In this paper, we study the following Dirichlet problem with Sobolev critical exponent

$$\begin{aligned} \left\{ \begin{array}{ll}\displaystyle -\Delta u=|u|^{2^*-2}u+\displaystyle \frac{\alpha }{2^*}|u|^{\alpha -2}|v|^{\beta }u,&{}\quad x\in \Omega , \\ -\Delta v=|v|^{2^*-2}v+\displaystyle \frac{\beta }{2^*}|u|^{\alpha }|v|^{\beta -2}v,&{}\quad x\in \Omega , \end{array} \right. \end{aligned}$$

where \(\alpha , \beta >1,\) \(\alpha +\beta =2^*:=\frac{2N}{N-2}(N\ge 3)\) and \(\Omega ={\mathbb {R}}^N\) or \(\Omega \) is a smooth bounded domain in \({\mathbb {R}}^N\). When \(\Omega ={\mathbb {R}}^N\), we obtain a uniqueness result on the least energy solutions and show that a manifold of the synchronized type of positive solutions is non-degenerate for the above system for some ranges of the parameters \(\alpha , \beta , N\). Our analysis also yields non-uniqueness of positive vector solutions for other parameters. Moreover, we establish a global compactness result and we extend a classical result of Coron on the existence of positive solutions of scalar equations with critical exponent on domains with nontrivial topology to the above elliptic system.

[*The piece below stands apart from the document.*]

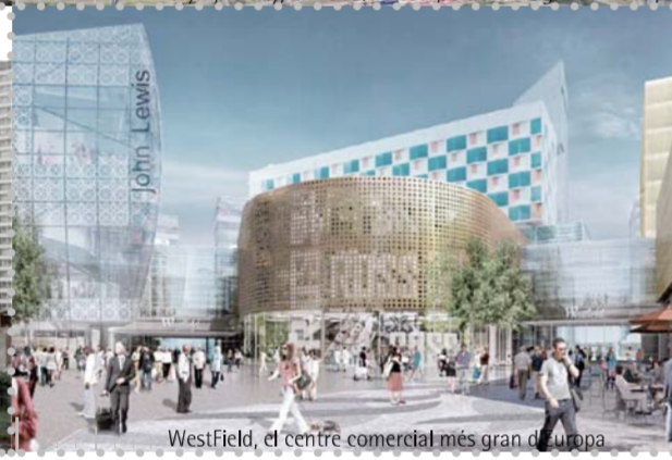
Westfield, el centre comercial més gran

Appendix: Some technical calculations

Proof of (ii)–(iv) of Lemma 2.2

By simple calculation, we have

$$\begin{aligned} f'(\tau )=\frac{2\tau (2^*+\alpha \tau ^\beta -\beta \tau ^{\beta -2}-2^*\tau ^{2^*-2})}{2^*(1+\tau ^\beta +\tau ^{2^*})^{\frac{2}{2^*}+1}}=\frac{2\tau }{2^*(1+\tau ^\beta +\tau ^{2^*})^{\frac{2}{2^*}+1}}g(\tau ). \end{aligned}$$

and

$$\begin{aligned} g'(\tau )=\tau ^{\beta -3}h(\tau ), \end{aligned}$$

where

$$\begin{aligned} h(\tau ):=\alpha \beta \tau ^2-2^*(2^*-2)\tau ^\alpha -\beta (\beta -2). \end{aligned}$$

If \(1<\beta<2, 1<\alpha <2\), then \(N>4\). Without loss of generality, we assume \(\alpha \ge \beta \). Directly calculation says that \(h(\tau )\) attains its minimum at \(\tau _1=\Bigr (\frac{2^*(2^*-2)}{2\beta }\Bigr )^{\frac{1}{2-\alpha }}\) and

$$\begin{aligned} h(\tau _1)=\beta (2-\beta )-\frac{2^*(2^*-2)(2-\alpha )}{2}\Bigr (\frac{2^*(2^*-2)}{2\beta }\Bigr )^{\frac{\alpha }{2-\alpha }}. \end{aligned}$$

So if \(\beta (2-\beta )\ge \frac{2^*(2^*-2)(2-\alpha )}{2}\Big (\frac{2^*(2^*-2)}{2\beta }\Big )^{\frac{\alpha }{2-\alpha }}\), then \(g'(\tau )\ge 0.\) Thus \(\tau _{min}\) is unique and \(f(\tau _{min})<1\).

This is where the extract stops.